↓↓↓

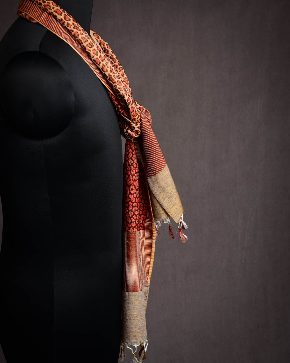 Unapologetically bold yet richly artisanal, this striking scarf juxtaposes a fierce leopard motif with the subtle sheen of fine Banarasi weaving. Rendered in earthy tones of mustard, rust, and brown with deep crimson highlights, the animal-inspired pattern is softened by the luxurious handfeel of silk-wool. The tonal striped ends ground the design, adding an elegant counterbalance to the expressive body.
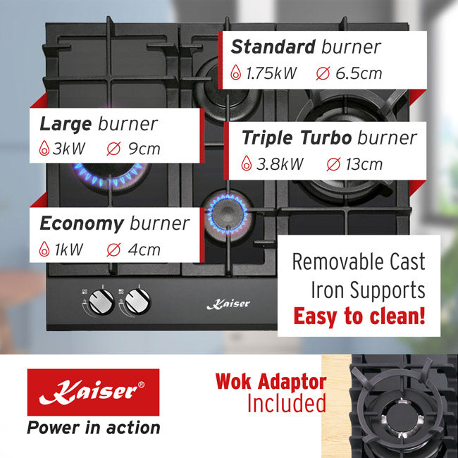 This hob features 4 gas burners; a triple Turbo burner, a large burner, a standard burner & a smaller economy burner. Due to the optimised layout of these burners, there is a greater capacity for cooking space than you get from a standard 2x2 layout from similar-sized cooktops. This allows you to cook with a variety of pots & pans at the same time for perfect results when cooking meals for your family & friends. A wok adapter is also included with your purchase. This is best utilised on the triple Turbo burner, but you can use it on any burner of your choice.
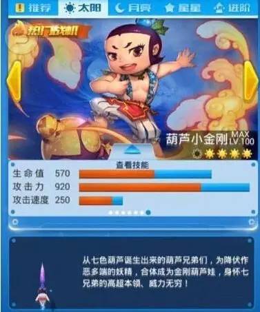【葫芦小金刚】:主动使用后与友机停止弹幕射击,进入免伤状态,召唤七色葫芦娃参战,秒杀范围的敌机,并对Boss或首领造成每秒240000伤害(双打模式440000),持续13秒。技能开始和结束时均造成清屏爆炸,累积最高造成3620000伤害。冷却时间300秒(乐斗模式下,持续时间与伤害减半)。
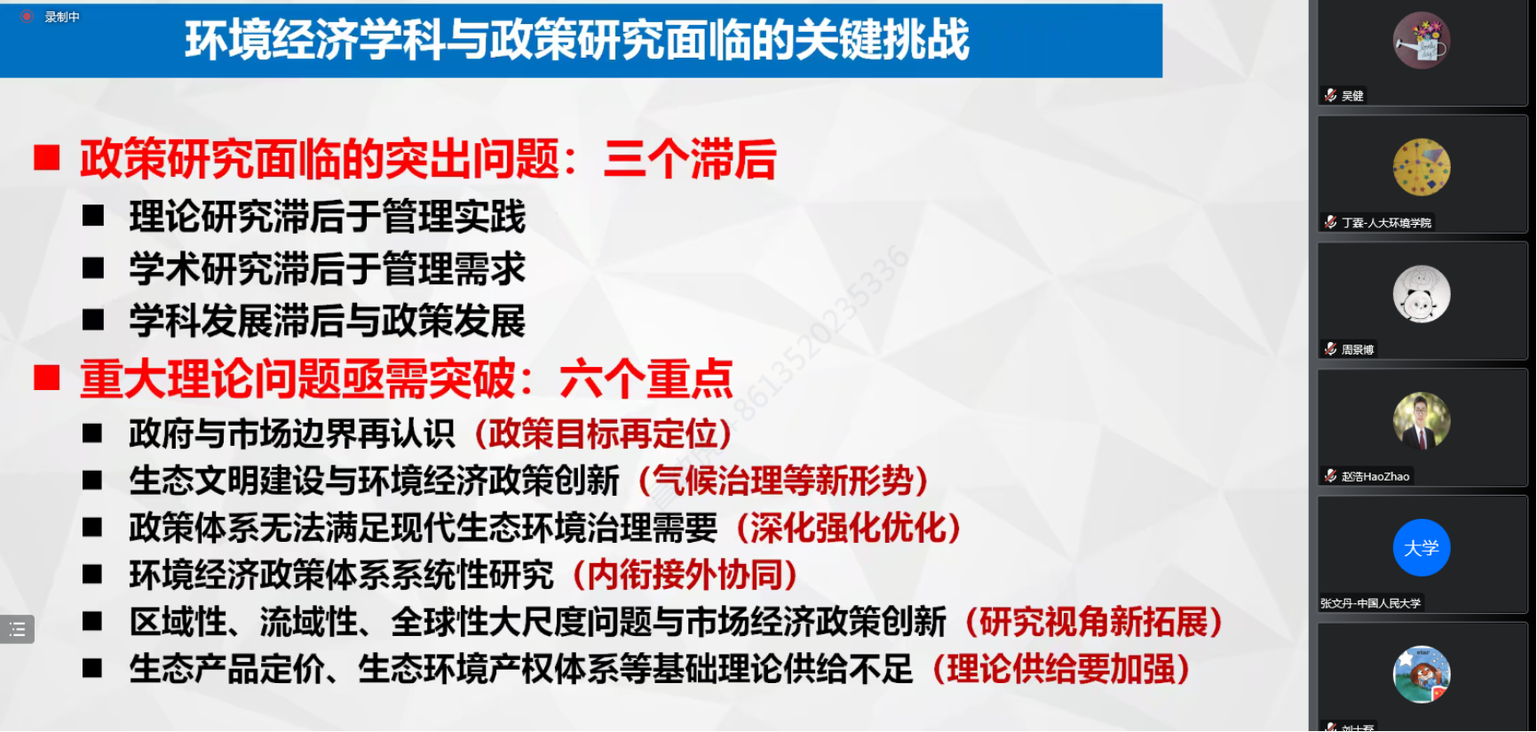 最后,yl7703永利集团官网环境公司吴健教授进行了点评。吴健教授指出,董战峰研究员从学术研究与政策制定两方面视角出发,全面系统地梳理了我国环境经济政策体系在“十三五”时期的进展和“十四五”时期面临的挑战与改革创新方向,内容丰富、分析透彻,对广大政策研究人员具有深刻的启发意义。同时,吴健教授还指出,董战峰研究员针对环境经济学科与政策研究面临的关键挑战剖析深入,点明了当前理论研究滞后于管理实践、学术研究滞后于管理需求以及学科发展滞后与政策发展的困境,勉励同学们尝试在理论层面进行创新,为政策设计和实施提供更优的理论基础与指导意见。
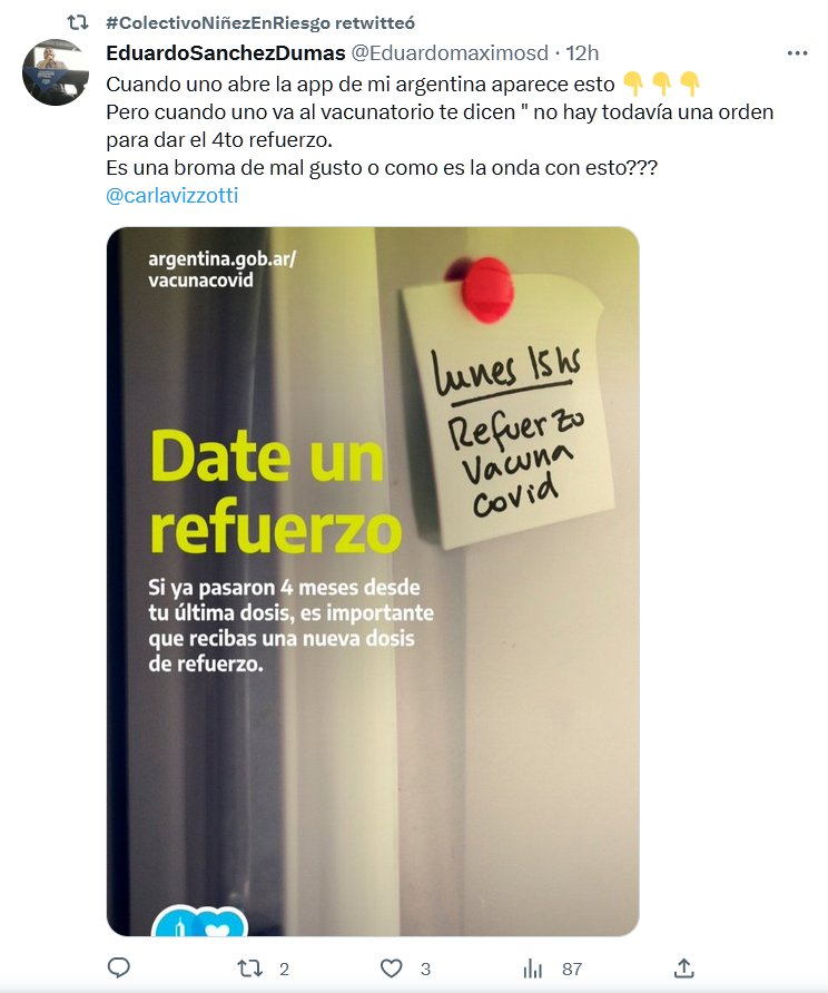 Cuando uno abre la app de mi argentina aparece esto 👇👇👇 («DATE UN REFUERZO») Pero cuando uno va al vacunatorio te dicen » no hay todavía una orden para dar el 4to refuerzo. Es una broma de mal gusto o como es la onda con esto??? @carlavizzotti

↑↑↑

Exercise prompt: Output the material above exactly, without pictures.

Exercise response:
 Unapologetically bold yet richly artisanal, this striking scarf juxtaposes a fierce leopard motif with the subtle sheen of fine Banarasi weaving. Rendered in earthy tones of mustard, rust, and brown with deep crimson highlights, the animal-inspired pattern is softened by the luxurious handfeel of silk-wool. The tonal striped ends ground the design, adding an elegant counterbalance to the expressive body.
 This hob features 4 gas burners; a triple Turbo burner, a large burner, a standard burner & a smaller economy burner. Due to the optimised layout of these burners, there is a greater capacity for cooking space than you get from a standard 2x2 layout from similar-sized cooktops. This allows you to cook with a variety of pots & pans at the same time for perfect results when cooking meals for your family & friends. A wok adapter is also included with your purchase. This is best utilised on the triple Turbo burner, but you can use it on any burner of your choice.
【葫芦小金刚】:主动使用后与友机停止弹幕射击,进入免伤状态,召唤七色葫芦娃参战,秒杀范围的敌机,并对Boss或首领造成每秒240000伤害(双打模式440000),持续13秒。技能开始和结束时均造成清屏爆炸,累积最高造成3620000伤害。冷却时间300秒(乐斗模式下,持续时间与伤害减半)。
 最后,yl7703永利集团官网环境公司吴健教授进行了点评。吴健教授指出,董战峰研究员从学术研究与政策制定两方面视角出发,全面系统地梳理了我国环境经济政策体系在“十三五”时期的进展和“十四五”时期面临的挑战与改革创新方向,内容丰富、分析透彻,对广大政策研究人员具有深刻的启发意义。同时,吴健教授还指出,董战峰研究员针对环境经济学科与政策研究面临的关键挑战剖析深入,点明了当前理论研究滞后于管理实践、学术研究滞后于管理需求以及学科发展滞后与政策发展的困境,勉励同学们尝试在理论层面进行创新,为政策设计和实施提供更优的理论基础与指导意见。
 Cuando uno abre la app de mi argentina aparece esto 👇👇👇 («DATE UN REFUERZO») Pero cuando uno va al vacunatorio te dicen » no hay todavía una orden para dar el 4to refuerzo. Es una broma de mal gusto o como es la onda con esto??? @carlavizzotti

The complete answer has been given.